程序代写代做代考 data science algorithm chain Introduction to information system

Introduction to information system

Linear Algebra

Gerhard Neumann

School of Computer Science

University of Lincoln

CMP3036M/CMP9063M Data Science

Today‘s Agenda!

• Make you remember Linear Algebra

• Mostly easy but we probably have forgotten it

• Introduction to:

– Vectors

– Matrices

– Matrix Calculus

Revisiting Linear Regression

Why do you hate us???

• Uff… not again math!

– Well, math is important and we can not fully avoid it

– We only cover stuff that we can directly apply to derive our algorithms

– We will do it step by step such that you can really follow

– Who knows… maybe you even like it 

• Ok… but why linear algebra?

– Most data is represented as matrix

– Talking about matrix operations is talking about manipulating data!

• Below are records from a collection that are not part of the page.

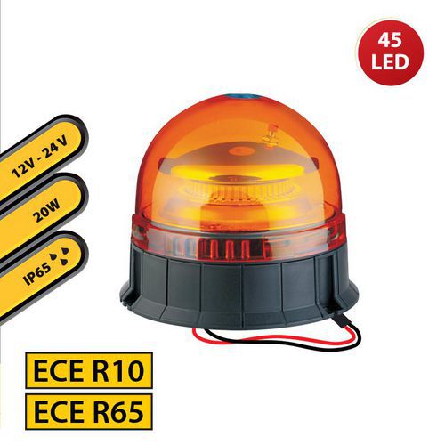 Girofaro a led 12/24V con led lampeggiante che emette una luce potente a 360 gradi, 2 modalità di lampeggio differenti e 45 led ad alta intensità.
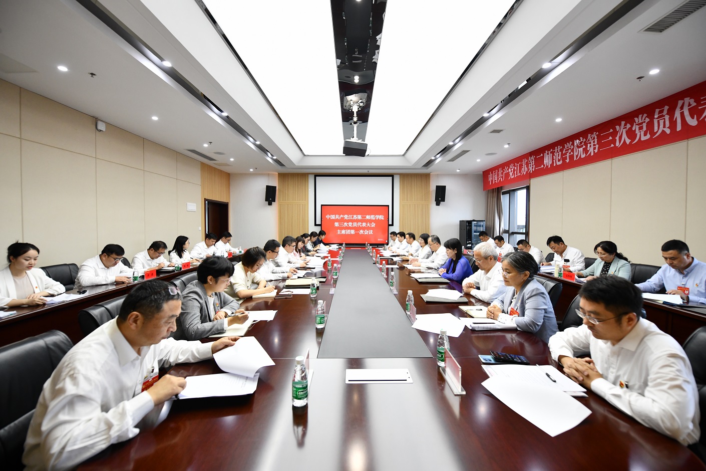 预备会议后,中国共产党江苏第二师范学院第三次党员代表大会主席团第一次会议在石湫校区崇德楼318会议室召开。会议由王鲁沛主持。
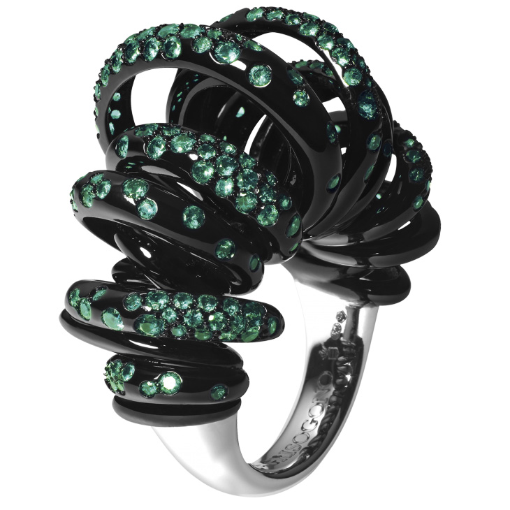 Кільце de Grisogono, колекція Sole. Кільце з білого золота 750 проби з чорним нанокерамічним покриттям та смарагдами.

– Algorithms are often easier to understand in matrix form

– Linear Regression is one of the most basic algorithms for data science!

Ask questions!!!

• Eventhough I am Austrian, I am actually a nice guy…

And give feedback!

Feed the feedbag!

• If it is not clear… tell me!!

• If it is too fast… tell me!!

• If you can not understand „austrian english“ … tell me!

Vectors

• A vector is a multi-dimensional quantity

• Each dimension contains different information (Age, Height, Weight…)

Some notation

• Vectors will always be represented as bold symbols

• A vector is always a column vector

• A transposed vector is always a row vector

What can we do with vectors?

• Multiplication by scalars

• Addition of vectors

Scalar products and length of vectors

• Scalar (Inner) products:

– Sum the element-wise products

• Length of a vector

– Square root of the inner product with itself

Matrices

• A matrix is a rectangular array of numbers arranged in rows and columns.

– is a 3 x 2 matrix and a 2 x 4 matrix

– Dimension of a matrix is always num rows times num columns

– Matrices will be denoted with bold upper-case letters (A,B,W)

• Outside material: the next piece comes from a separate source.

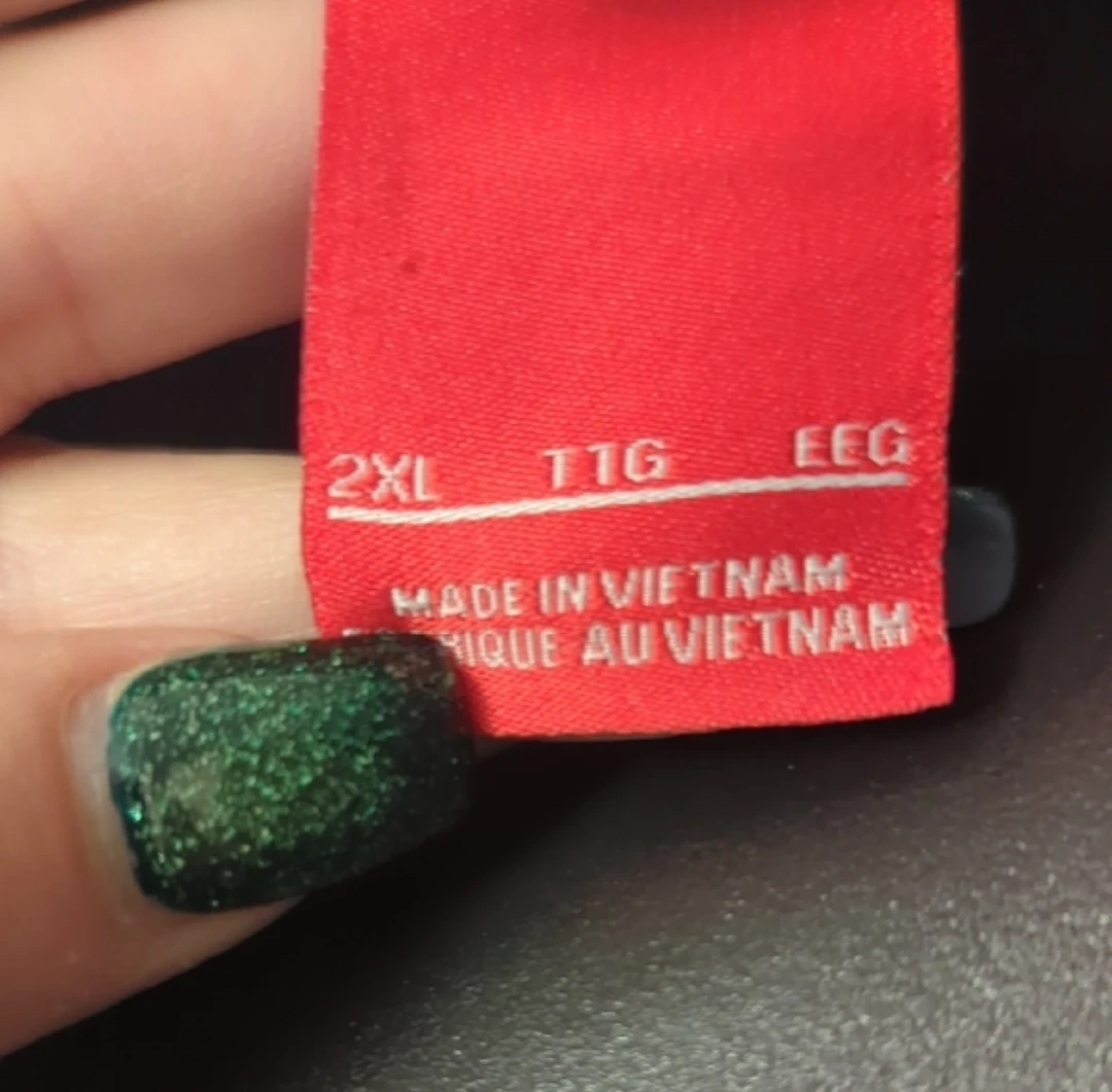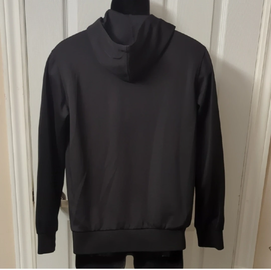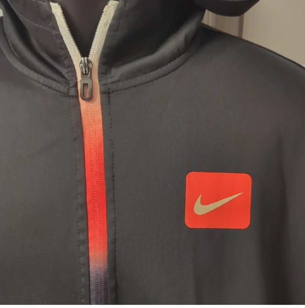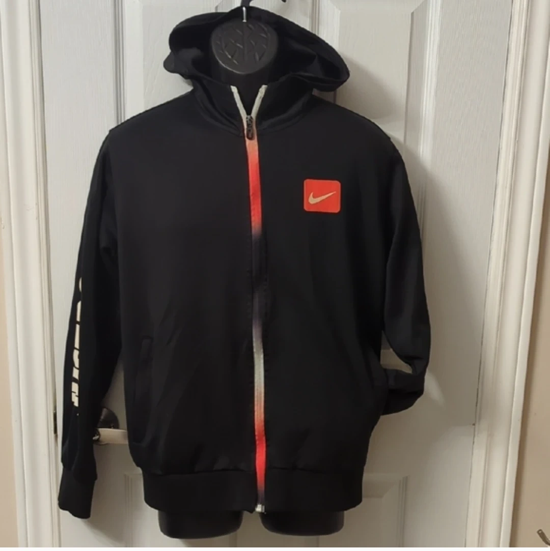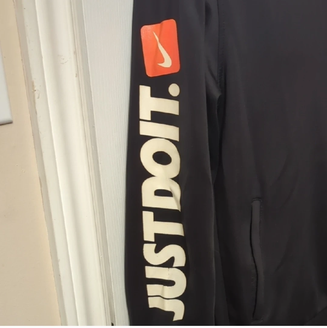 This is a black Nike hoodie. It features a full zip and a contrasting red and white stripe detail on the zipper. The left sleeve has the "JUST DO IT." slogan printed on it. It's made in Vietnam and labelled size XXG.

– Vectors are special cases of matrices

Matrices in Data Science

• Our data set can be represented as matrix, where single samples are vectors

• Most typical representation:

– Each row represent a data sample (e.g. Joe)

– Each column represents a data entry (e.g. age)
X is a num samples x num entries matrix

What can you do with matrices?

• Multiplication with scalar

• Addition of matrices

• Matrices can also be transposed

Multiplication of a vector with a matrix

• Matrix-Vector Product:

• Think of it as:

– Hence:

– We sum over the columns of W weighted by

• Vector needs to have same dimensionality then number of columns!

Multiplication of a matrix with a matrix

• Matrix-Matrix Product:

• Think of it as:

– Hence: Each column in U can be computed by a matrix-vector product

Multiplication of a matrix with a matrix

• Dimensions:

– Number of columns of left matrix must match number of rows of right matri

• Non-commutative (in general):

• Associative:

• Transpose Product:

Important special cases

• Scalar (Inner) product:

– The scalar product can be written as vector-vector product

Important special cases

• Compute row/column averages of matrix

– Vector of row averages (average over all entries per sample)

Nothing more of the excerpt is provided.